From above, notice the 14 and 15th records: they were previously `NaN`. After using the `SimpleImputer` transformer, the `NaN` values were replaced with the median values of `sepal_length` and `sepal_width`.

## Combine the two pipelines into one

In [11]:
data_prep_mapper = Pipeline(steps=[
    ("missing", missing_mapper),
    ("impute", impute_mapper)
])

In [12]:
data_prep_mapper.fit(X_train).transform(X_train)[0:15]

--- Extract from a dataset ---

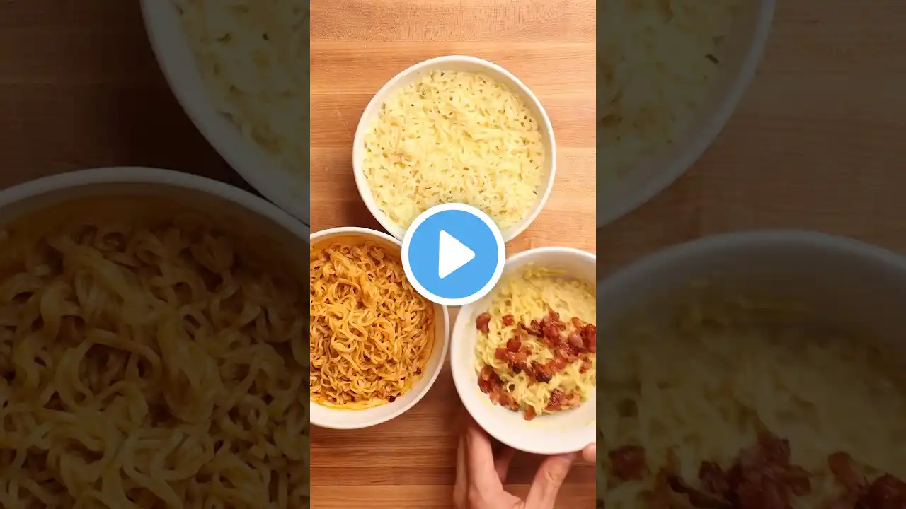 My top 3 easiest ways to level up your instant ramen. Check out each ramen method below in more detail! Method 1 (Creamy ramen broth): 1 egg yolk 1 tbsp mayonnaise 1 instant ramen packet Add egg yolk, mayonnaise and the ramen seasoning packets into a bowl and mix until a combined paste. Boil noodles to packet instructions. Reserve cooking water and pour about 4-5 tbsp’s of it into the seasoning paste. Stir until you get a rich, creamy broth. Top with noodles, green onions, and sesame seeds. Method 2 (Sizzling glazed noodles): 1 garlic clove, minced 2 green onions, white ends finely sliced 1 instant ramen packet 2 tbsp neutral oil 2 tsp rice wine vinegar Add garlic, white ends of green onions and seasoning packets to a bowl. Boil noodles to packet instructions while cooking an egg in the neutral oil or just heating it up. Pour the hot oil into the seasoning bowl and stir then add the vinegar. Add the noodles and toss to coat them. Serve with chopped green onions and sesame seeds. Method 3 (Ramen egg drop soup): 1 stock cube 1 instant ramen packet 1 tsp corn starch 1 egg, beaten Add a chicken stock cube to 500ml boiling water. In a bowl, mix corn starch with 2tsp of cold water to make a slurry then slowly pour into the simmering chicken stock while stirring. Also while stirring, slowly pour in the beaten egg to create thin ribbons of egg. Add your noodles and cook to packet instructions. Add the seasoning packets and mix them in. Serve with chopped green onions, sesame seeds and a dash of sesame oil. #cooking #food #easyrecipe #ramen

array([[6.1, 2.8, 4.7, 1.2, 0. , 0. ],
       [4.8, 3.1, 1.6, 0.2, 0. , 0. ],
       [5.1, 2.5, 3. , 1.1, 0. , 0. ],
       [5.5, 3.5, 1.3, 0.2, 0. , 0. ],
       [4.9, 3. , 1.4, 0.2, 0. , 0. ],
       [5.9, 3. , 5.1, 1.8, 0. , 0. ],
       [5. , 3.6, 1.4, 0.2, 0. , 0. ],
       [6.3, 3.3, 6. , 2.5, 0. , 0. ],
       [5.6, 2.9, 3.6, 1.3, 0. , 0. ],
       [7.7, 3. , 6.1, 2.3, 0. , 0. ],
       [5.4, 3.9, 1.7, 0.4, 0. , 0. ],
       [5.3, 3.7, 1.5, 0.2, 0. , 0. ],
       [6.4, 2.8, 5.6, 2.2, 0. , 0. ],
       [5.7, 3. , 1.5, 0.2, 1. , 1. ],
       [5.7, 3. , 3.9, 1.1, 1. , 1. ]])

## Now let's take this up by perfoming all the preprocessing steps prior to building a `DecisionTreeClassifier` model

This model will help us classify which species a flower is from `X_test`

In [13]:
# build classifier
dt_clf = DecisionTreeClassifier(random_state=2019,
                                min_samples_leaf=30,
                                criterion="gini",
                                min_samples_split=2)

In [14]:
# build pipeline
pipe = Pipeline(steps=[
    ("dataprep", data_prep_mapper),
    ("model", dt_clf)
])

Fit `X_train` and `y_train` onto the `pipe` object

In [15]:
pipe.fit(X_train, y_train)

Pipeline(memory=None,
         steps=[('dataprep',
                 Pipeline(memory=None,
                          steps=[('missing',
                                  Pipeline(memory=None,
                                           steps=[('missing_sl',
                                                   IsMissing(col_name='sepal_length')),
                                                  ('missing_sw',
                                                   IsMissing(col_name='sepal_width'))],
                                           verbose=False)),
                                 ('impute',
                                  ColumnTransformer(n_jobs=None,
                                                    remainder='passthrough',
                                                    sparse_threshold=0.3,
                                                    transformer_weights=None,
                                                    transformers=[('i...
                                

Use the `pipe` object to make predictions on `X_test`

In [16]:
y_pred = pipe.predict(X_test)

Examine the first 10 predictions of our multi-class classifier!

In [17]:
y_pred[0:10]

array(['setosa', 'setosa', 'virginica', 'versicolor', 'virginica',
       'setosa', 'virginica', 'setosa', 'versicolor', 'virginica'],
      dtype=object)

Compare with `y_test`

In [18]:
y_test[0:10]

42         setosa
20         setosa
124     virginica
87     versicolor
107     virginica
40         setosa
111     virginica
46         setosa
84     versicolor
147     virginica
Name: species, dtype: object

## Conclusion

You now know how to take advantage of `Pipeline` objects to stop duplicating your preprocessing steps in the training and testing sets. I hope this helps you take advantage of yet another module built into `scikit-learn` to help improve your machine learning workflow!